Hiking around Fenqihu – the Wooden Horse Logging trail (木馬棧道)
After viewing the trains, we went for our second hike of the day. This time, we went to the Old Logging Trail (木馬棧道) located across the railway station, on the opposite side of the Cedar Boardwalk Trail.
Signage marking the start of the Logging Track. The ruins of a Shinto Shrine and the verdant forest are near this but we did not go explore.
A unique part of this trail is the wooden “tracks” on the path.
A sign explains the origin of the “tracks” and the name of the trail.
"When the Japanese built the Fenqihu section of the Alishan Railroad, they used timber from neighboring forests for cross-ties and other materials. The logs were at first transported manually, but as the closest forests were depleted and the source of timber became more distant, waste wood was used to build tracks along which logs were at first pulled and later transported on sledges called "wooden horses." These were operated by two-person teams (mostly husband and wife), with one person steering the sledge in the front and the other pulling the back in the rear to keep the sledge from going too fast downhill."
We covered only a short section of this trail.
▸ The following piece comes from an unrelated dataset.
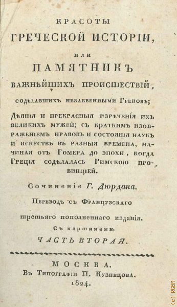 Дюрдан Р. Ж., Красоты греческой истории, или Памятник важнейших происшествий, соделавших незабвенными Греков; Деяния и прекрасные изречения их великих мужей; с кратким изображением нравов и состояния наук и искусств в разные времена, начиная от Гомера до эпохи когда Греция соделалась Римской провинцией. Перевод с Французского третьего пополненного издания. С картинами. Ч. 1-2 — 1824
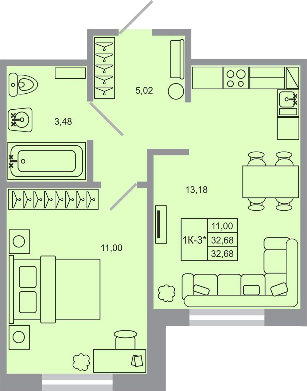 общая 32,68 м2, жилая 11 м2, кухни 13,18 м2 |

By now, our lack of sleep from our red-eye flight was taking effect and we craved for some hot drinks.
So we made a return to the Old Street to get a cup of hot Alishan tea and waited for the 5 PM bus that will take us back to Shizhuo. This is the last bus (number 7302) that leaves Fenqihu for Chiayi, passing by Shizhuo.
Dinner at Shizhuo.
It was a short ride from Fenqihu to Shizhuo. Payment of the bus fare is by tapping the Easycard on the IC card reader on the bus.
At Shizhuo, we went to recce the bus stop to take note of the bus schedule for our next day’s trip from Shizhuo to Alishan National Forest Recreation Area. Shizhuo in the evening. The bus stop to Alishan is just opposite the 7-eleven store.
Most of the B&Bs in and around Shizhuo do not offer meals except breakfast. There were a few restaurants serving dinner at Shizhuo. Most of them would be closed by 7 PM. We went to a restaurant (石桌佳味熱炒) serving local Taiwanese food.
We ordered the set dinner for 2 persons that cost 600 TWD. We mistakenly thought that the set meal included the deep fried bitter tea oil chicken, a dish that was highly raved by reviewers.
A tea oil chicken hotpot soup was served instead. It was our mistake in not reading and understanding the Chinese text in the menu.
A tea oil chicken hotpot soup.
The rest of the dishes in the set menu were not bad.
Wild boar stir fry with spring onions in pepper and wasabi sauce.
Cold tofu with a delicious wasabi sauce. This is another signature dish in Shizhuo.
Stir fry cabbage. Somehow, the freshly harvested cabbage in the mountains of Taiwan always tastes so much better than the ones we ate at home.
During dinner, I received a call from Jun Qi, the host from Siang Ting B&B, enquiring where we were. There are many tea farms, including Siang Ting B&B, located high up on the slopes above Shizhuo town that offered homestay. He offered to pick us from the restaurant after our dinner. We gladly accepted. Otherwise, it would be a 20 to 30 minutes trek uphill to our accommodation.